The output_list.txt file:

1.000000000000000000e+00

There was a subdirectory ics/ics_256/, which contained the 0.h5 and 0_parts.h5 files. I created symlinks for the process ICs using the following script

#!/bin/bash
I=$1
while [ $I -lt $(($2+1)) ]; do
    $BASE `printf "ln -s 0.h5 0.h5.%d" $I`
    $BASE `printf "ln -s 0_parts.h5 0_parts.h5.%d" $I`
    I=$(($I+1))
done

An ICs symlink needs to be made for each process.

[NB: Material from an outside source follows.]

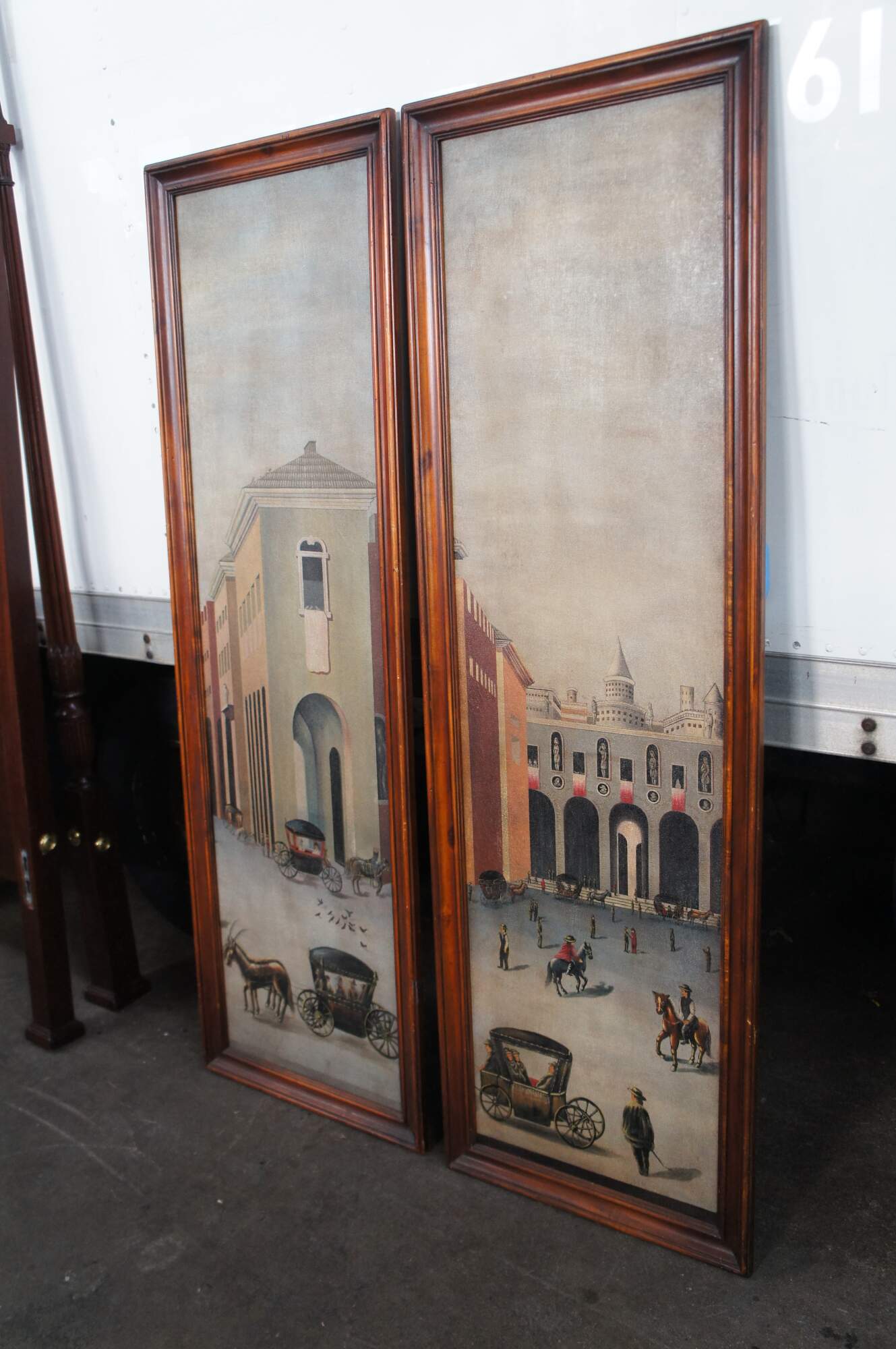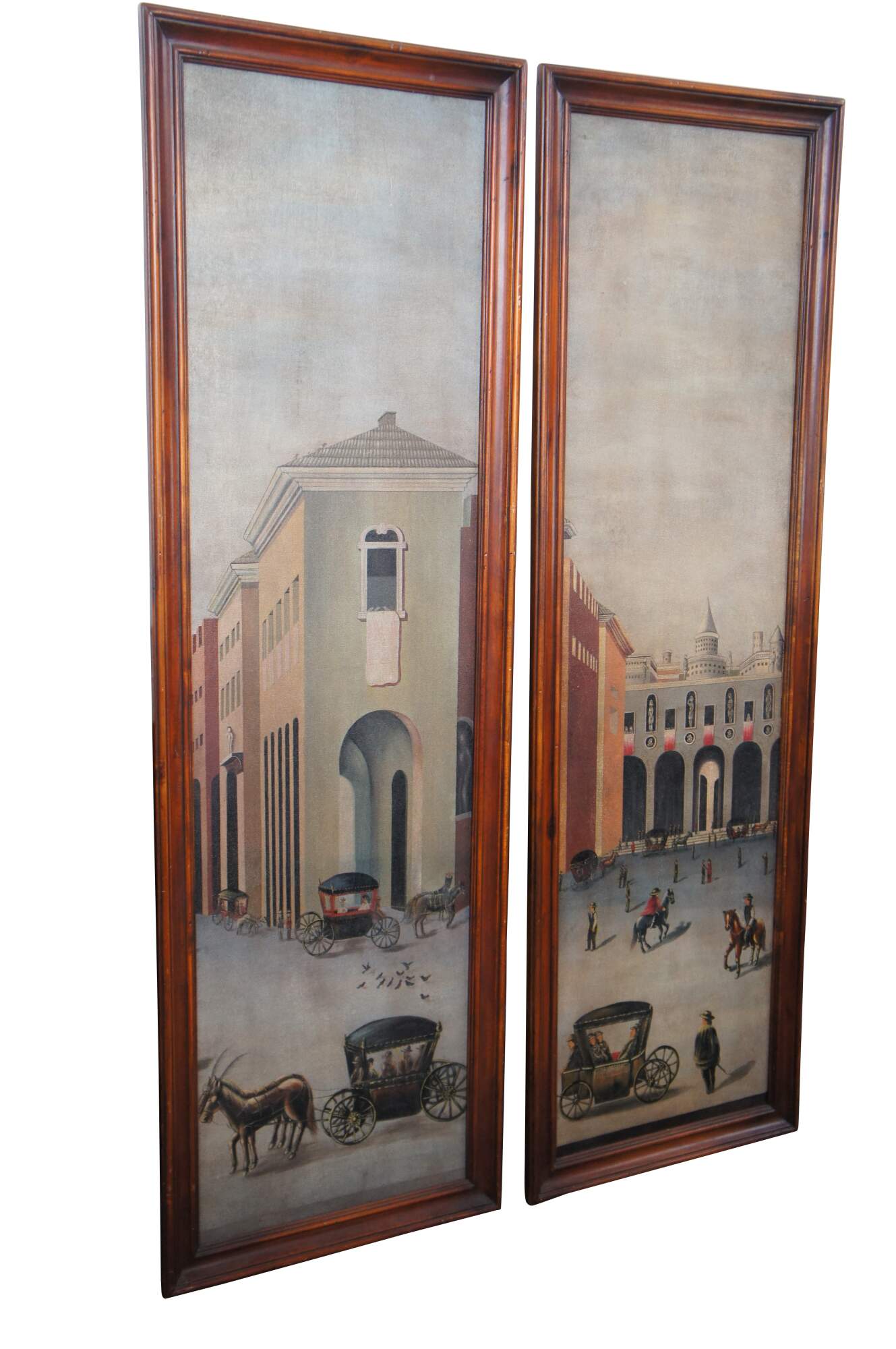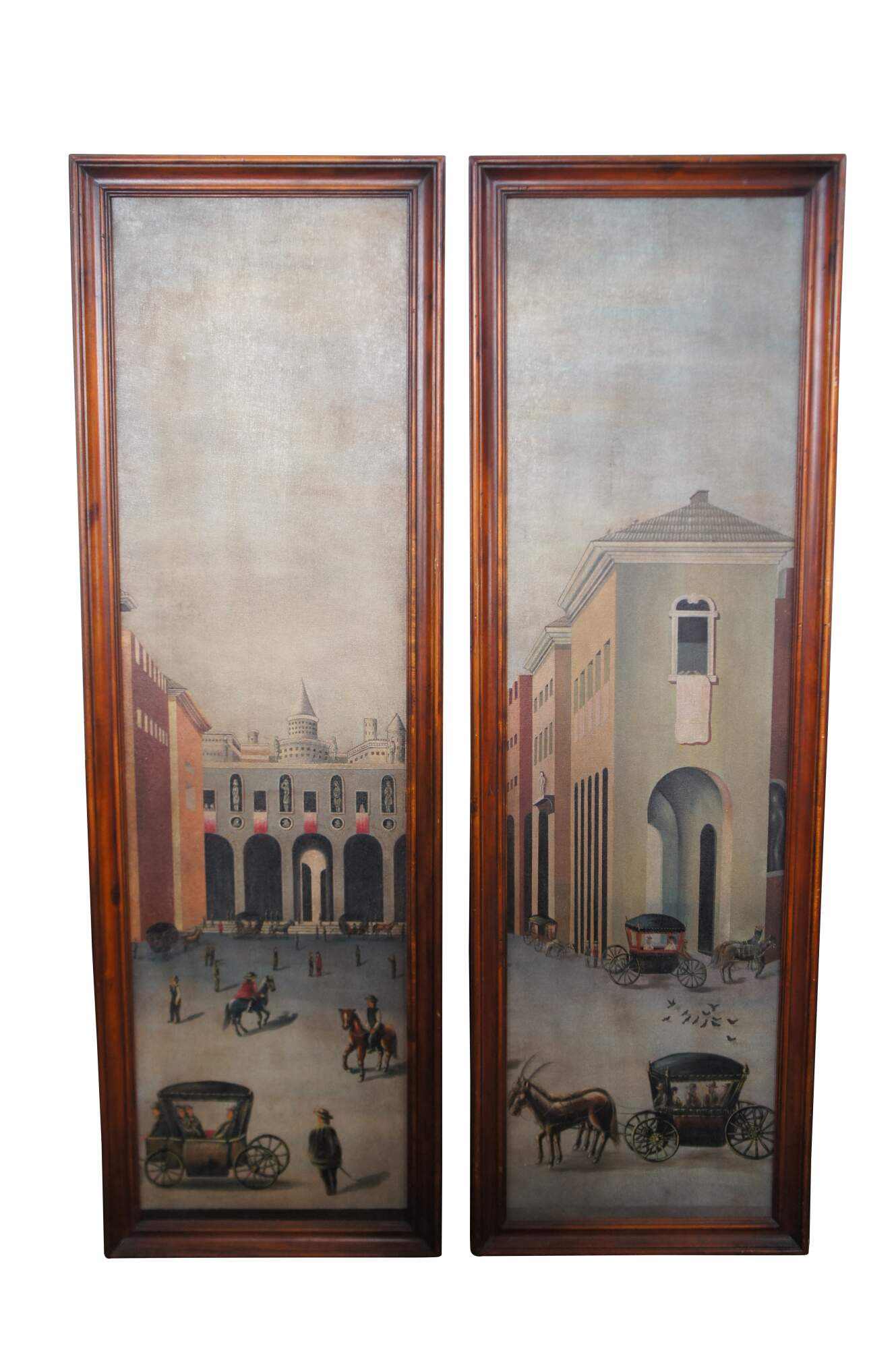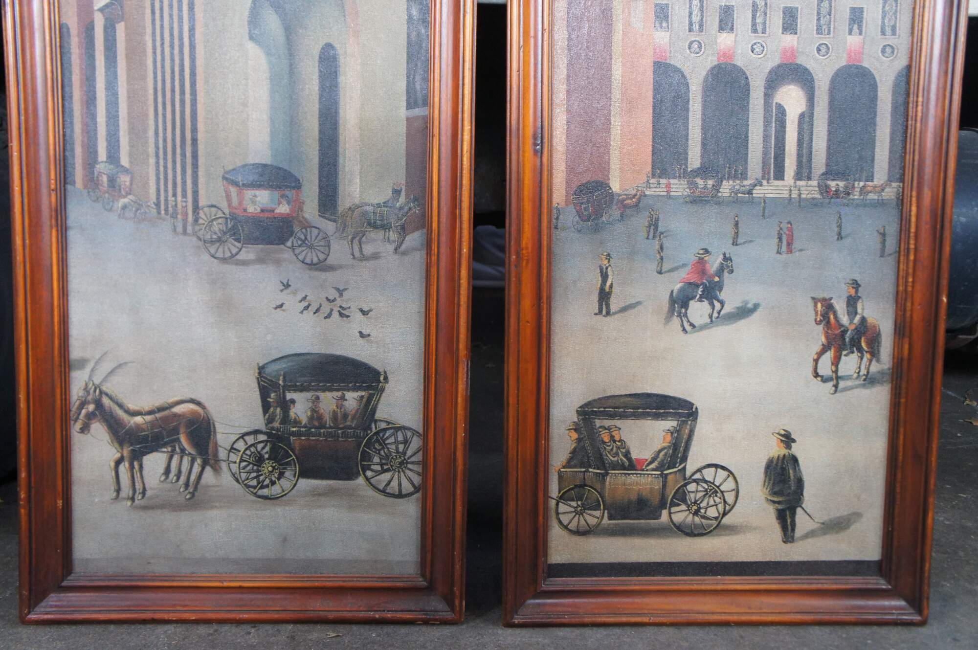 Early 21st Century Pair of Theodore Alexander Oil Paintings on Panel. Features a European plaza with horse and carriages and figures amongst the cityscape. Framed in mahogany.

To run the test, I used the following LSF script:

#!/bin/bash
#BSUB -P CSC275robertson
#BSUB -W 0:30
#BSUB -nnodes 1
#BSUB -alloc_flags gpumps
#BSUB -J scaling_6
#BSUB -o scaling_6.%J
#BSUB -e scaling_6.%J

module load cuda
module load hdf5
module load spectrum-mpi

date

cd /ccs/proj/csc275/brantr/projwork
export OMP_NUM_THREADS=6
jsrun -n6 -r6 -a1 -g1 -c6 -b packed:6 -d packed -l GPU-CPU ./cholla-pm cosmo_tiling.txt
mv tiling_timing.txt tiling_timing.6.txt